Bonus Tip: Get External Help
Now, of course, this is the sort of thing a consultant like me would say (and I’d be delighted to chat!). That said, getting an external perspective from a qualified someone with a wider perspective, whoever it may be, is an excellent way to build support for change.
This can be a consultant who conducts an assessment of your organisation’s strengths and weaknesses, or a coach who can help you make a case and deliver the right kinds of changes. Even if they end up saying the same things that you were already saying, take the win. The most important thing, after all, is that the changes happen.
Now, to be clear, there are companies out there willing to change, and there are companies out there that will resist all changes tooth and nail. And, actually implementing changes can be fraught with difficulties (I talked about ways to approach this in this article recently).
Not all companies will want to work the way you want to work.
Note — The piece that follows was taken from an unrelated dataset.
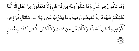 61. Wama takoonu fee sha/nin wama tatloo minhu min qur-anin wala taAAmaloona min AAamalin illa kunna AAalaykum shuhoodan ith tufeedoona feehi wama yaAAzubu AAan rabbika min mithqali tharratin fee al-ardi wala fee alssama-i wala asghara min thalika wala akbara illa fee kitabin mubeenun

An important consideration is whether there is any appetite to change at all, and whether any of the things you can’t change are showstoppers for you and are preventing you from doing the job you want to do.
Does this post resonate with you? Do you disagree? What have you tried in the past? Feel free to hit me up in the comments!
I have sometimes wondered if one reason for the suspicion and resistance (and as a PM I’ve certainly encountered both) is that it might strike sales, customer success, marketing etc as very convenient that the people espousing “product thinking” or “product focus” or “product operations” happen to be the same people with “product” in their job title. It can all seem a little self-serving and might even come across as a power grab, so finding cross-functional allies is the stand-out advice for me here.